Friday, July 11, 2014

New oral anticoagulants in the treatment of DVT and PE

This editorial contains a rundown of the phase III trials for all four agents that have been studied. It is available as free full text. Key points:

...First, all DOACs were shown consistently to be non-inferior compared with well-managed warfarin. The high quality of warfarin management, with a superior time in international normalized ratio target range compared with daily clinical practice, strengthens both the internal and external validity of these studies but also underscores that well-managed warfarin is an effective therapy for preventing recurrent VTE...

To me the time in therapeutic range for warfarin was not that great in those trials. However, you can be sure it was better than it is in the community.
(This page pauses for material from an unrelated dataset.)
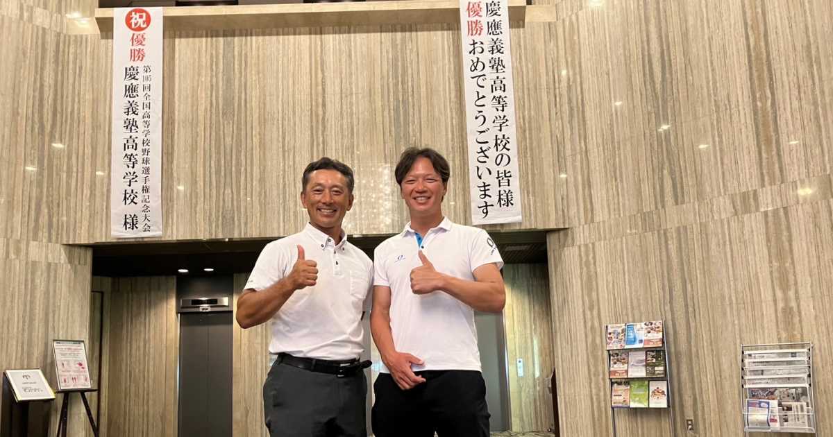 2023年8月、甲子園大会で慶應義塾高校が優勝し興奮冷めやらぬ翌日、宿舎へ祝福に駆けつけた阪長氏(写真提供:阪長氏)

Second, all DOACs caused less bleeding. Importantly, the shift in the bleeding pattern that is observed in patients with atrial fibrillation, with less intracranial, less life-threatening, and less critical site bleedings, is also seen in patients with VTE. DOACs cause less major (Table) and less intracranial bleedings in patients with VTE, but caution remains, in particular for patients at risk for gastrointestinal bleeding.
Third, the new regimens differ in their initial treatment approach. The first couple of weeks are of particular interest because of the high risk for recurrence and bleeding. The dual-drug bridging period with overlapping heparin and vitamin K antagonists constitutes a risk for overtreatment and undertreatment and requires intensive international normalized ratio monitoring that is labor- and time-consuming and costly. Furthermore, lessons have been drawn from the observation that ximelagatran9 and idraparinux,10 administered without heparin lead-in and without initial intensified dosing, caused more early recurrence compared with heparin/vitamin K antagonists. This helps to explain the 2 different strategies of DOACs for acute VTE (ie, including a heparin lead-in or starting with an intensified dose)...
Parenteral heparin will remain a preferred treatment option for many patients, especially those with more severe clinical presentations and patients with high thrombus burden who are admitted to the hospital. When parenteral heparin has been administered for 5 to 10 days, peroral anticoagulation with dabigatran or edoxaban can be continued.
For most cancer patients, the continued treatment with LMWH is currently the recommended and preferred therapy. Patients with active cancer for whom long-term treatment with LMWH was anticipated were not eligible for the phase III trials. Hence, additional studies are needed in cancer patients with continued LMWH and not warfarin as the comparator before DOACs can be considered an alternative standard to continued LMWH in these patients...
Besides particular patient characteristics, also less common clinical manifestations of VTE require our attention. DOACs have only been studied in patients with proximal DVT of the lower limb or hemodynamically stable pulmonary embolism. Patients with distal DVT, DVT of the upper limb, superficial thrombophletitis, or catheter-related thrombosis, patients who underwent thrombolysis, and patients with cerebral vein or mesenteric vein thrombosis have not been studied yet.